Speech articulation is conditioned by the movements produced by well determined groups of muscles in the larynx, pharynx, mouth and face. As the recording of speech is simple and ubiquitous, the use of speech as a vehicular tool for neuromotor action monitoring would open a wide set of applications in the study of functional grading of neurodegenerative diseases. A relevant question is how far speech correlates and neuromotor action are related. This question was to be answered by the present study using electromyographic recordings on the masseter and the acoustic kinematics related with the first formant. Although the study presented is limited to one case and one sequence, there are interesting findings to be reported, among them the following:

  • A clear association between the electromyographic signal and the acoustic kinematic one may be established.
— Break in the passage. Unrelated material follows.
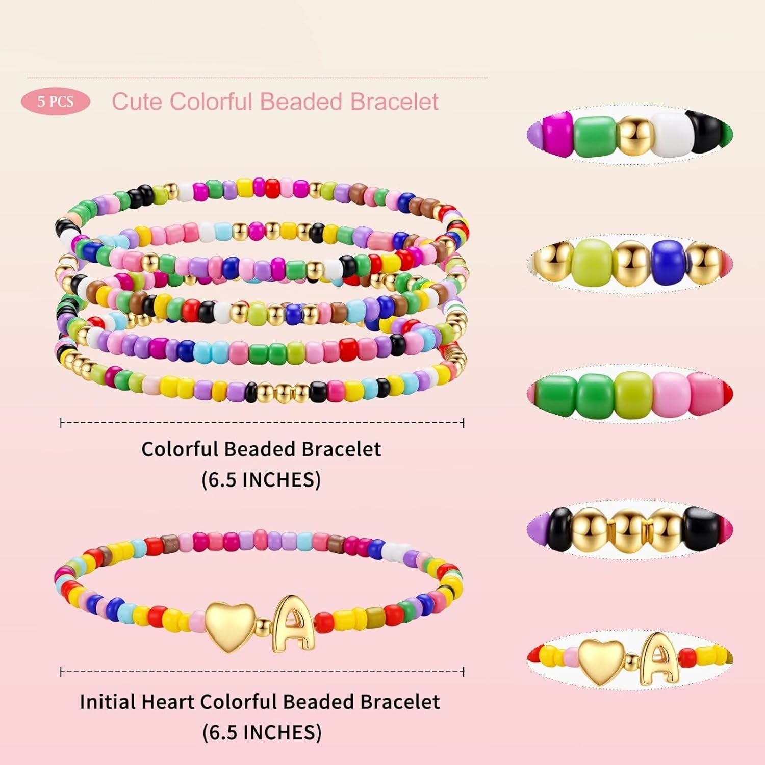 Turandoss 5Pcs Colorful Beaded Bracelets for Girls Women - Cute Bohemian Beaded Bracelets Stretch Stackable Summer Heart Initial T Bracelet Jewelry Birthday Gifts for Daughter Granddaughter Niece

Correlation measures based in second order statistics satisfy the necessary conditions for this relation to be confirmed.

  • The variable to which the electromyogram fits better is the time derivative of the first formant, which may be associated to the velocity of the JTDRP.

  • The main difference between both the electromyographic signal and the acoustic kinematic one seems to be due to a larger contents of harmonics present in the electromyogram. This could indicate that the jaw-tongue biomechanical system is acting as a low-pass electromechanical filter.

  • The absolute velocity associated to the JTDRP estimated as the time derivatives of the first and second formants seems to be a good index to disfluency and disarthria of neuromotor origin.

  • These conclusions are to be validated on a wider database of speakers, including gender dependence.